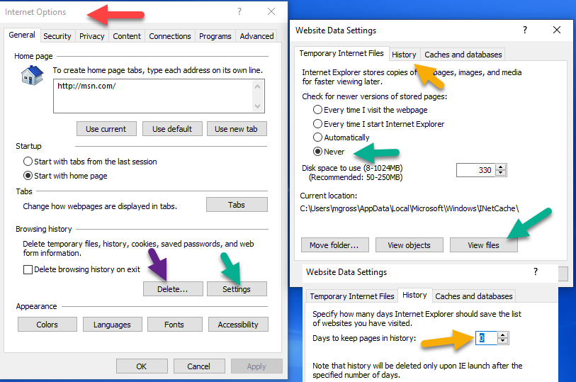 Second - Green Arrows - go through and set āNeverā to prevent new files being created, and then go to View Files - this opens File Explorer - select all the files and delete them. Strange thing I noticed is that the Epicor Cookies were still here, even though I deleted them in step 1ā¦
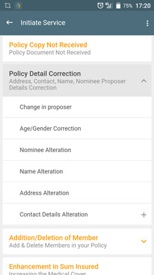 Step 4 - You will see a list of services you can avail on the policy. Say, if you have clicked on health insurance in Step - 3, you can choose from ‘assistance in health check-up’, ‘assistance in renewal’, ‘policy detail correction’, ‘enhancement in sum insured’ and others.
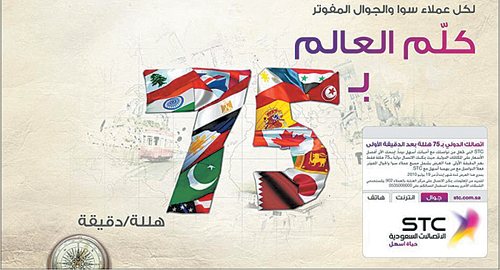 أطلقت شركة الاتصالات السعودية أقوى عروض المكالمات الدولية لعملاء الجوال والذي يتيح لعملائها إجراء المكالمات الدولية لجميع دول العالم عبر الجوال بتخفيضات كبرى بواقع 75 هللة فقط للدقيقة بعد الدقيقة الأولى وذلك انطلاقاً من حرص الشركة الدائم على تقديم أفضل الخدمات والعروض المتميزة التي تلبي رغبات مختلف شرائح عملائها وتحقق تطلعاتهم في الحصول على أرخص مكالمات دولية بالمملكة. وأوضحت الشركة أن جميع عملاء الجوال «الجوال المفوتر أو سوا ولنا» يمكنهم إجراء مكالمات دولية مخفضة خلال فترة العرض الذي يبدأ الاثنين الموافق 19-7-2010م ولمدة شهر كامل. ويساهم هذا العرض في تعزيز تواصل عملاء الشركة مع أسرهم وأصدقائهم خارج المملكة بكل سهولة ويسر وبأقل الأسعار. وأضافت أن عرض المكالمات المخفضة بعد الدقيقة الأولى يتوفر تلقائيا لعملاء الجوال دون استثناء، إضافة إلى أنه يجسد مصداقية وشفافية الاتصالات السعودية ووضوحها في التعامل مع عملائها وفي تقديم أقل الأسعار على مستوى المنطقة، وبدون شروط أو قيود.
######
### Aim of the exercise
Reproduce exactly the lines from the beginning of the material down to the line containing "Step 4 - You", both ends included, but not the pictures or anything after.

### Output of the task
 Second - Green Arrows - go through and set āNeverā to prevent new files being created, and then go to View Files - this opens File Explorer - select all the files and delete them. Strange thing I noticed is that the Epicor Cookies were still here, even though I deleted them in step 1ā¦
 Step 4 - You will see a list of services you can avail on the policy. Say, if you have clicked on health insurance in Step - 3, you can choose from ‘assistance in health check-up’, ‘assistance in renewal’, ‘policy detail correction’, ‘enhancement in sum insured’ and others.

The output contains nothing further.